Ghent University (company)

Posted on : 08 March 2017

Project Description

  • Scale-up is performed for the synthesis of functional polymeric materials. Both non-dispersed (e.g. bulk/solution) and dispersed polymerization (e.g. emulsion) are considered. 
  • Main focus is on radical polymerization techniques. 

  • Radical polymerization processes play an important role in everyday life. 
  • Currently, there is a trend to increase the product quality by expanding the application range to high-tech applications. 
  • For the latter, an excellent microstructural control is required and this for each molecule in the polymerization reactor. 
  • Typically this microstructural control is achieved via an exchange of a functional group X, selecting nitroxide mediated polymerization (NMP) as controlled radical polymerization technique (CRP). CRP allows the synthesis of well-tailored next-generation specialty copolymer architectures due to a better control over the molecular parameters, such as the chain length, functionality and topology.
  •  Targeted applications are for instance coatings, drug delivery systems and adhesives. 
  • Numerous publications have been attributed to understanding the CRP kinetics at lab-scale under isothermal conditions and in bulk/solution. 
  • However, less attention has been given to the reactor design, simulation, optimization and control of these CRPs under industrial conditions, which can involve intensive heat transfer and stirrer work. 
  • The study of CRPs in reactors and their non-isothermal operation is an important requirement for CRP processes to find their way into large scale commercial products. 
  • A key aspect to be covered is a comparison of conventional non-dispersed (bulk/solution) and dispersed (suspension/emulsion) CRPs.
  •  The former are less complex but suffer from strong temperature gradients whereas the latter are more complex but allow a better heat transfer due to the presence of an aqueous continuous phase.

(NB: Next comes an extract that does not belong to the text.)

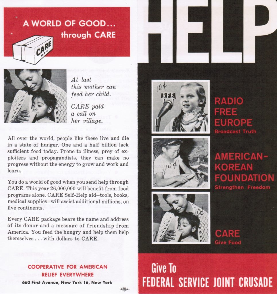 Strona zewnętrzna broszury z 1963 roku przygotowanej na potrzeby kampanii Federal Service Joint Crusade – systemu dobrowolnych zbiórek prowadzonych w instytucjach federalnych USA. Publikacja łączyła w jednej narracji pomoc humanitarną (CARE), wsparcie dla odbudowy Korei Południowej (American-Korean Foundation) oraz działalność Radia Wolna Europa, przedstawianego jako inicjatywa obywatelska niosąca „prawdę za żelazną kurtynę”. Układ graficzny i język broszury miały budować wrażenie wspólnej, moralnie spójnej misji humanitarnej i wolnościowej.

  • Comparison of polymerization kinetics under non-dispersed and dispersed CRP conditions, considering industrially relevant monomers and different reactor configurations.
  • Both experimental and modeling techniques can be considered. 
  • Extension to copolymerization processes, involving the synthesis of block, gradient and star copolymers.  

Profile of the candidate 
  • Applicants must possess a MSc in Chemical Engineering or related subject and a TOEFL certificate with a minimum score of 95(iBT) or equivalent. 
  • Relevant experience in the area of reactor engineering, kinetics, and/or computational chemistry is strongly recommended. 
  • Candidates must have a strong mathematical background and be willing to focus on obtaining quantitative rather than qualitative results.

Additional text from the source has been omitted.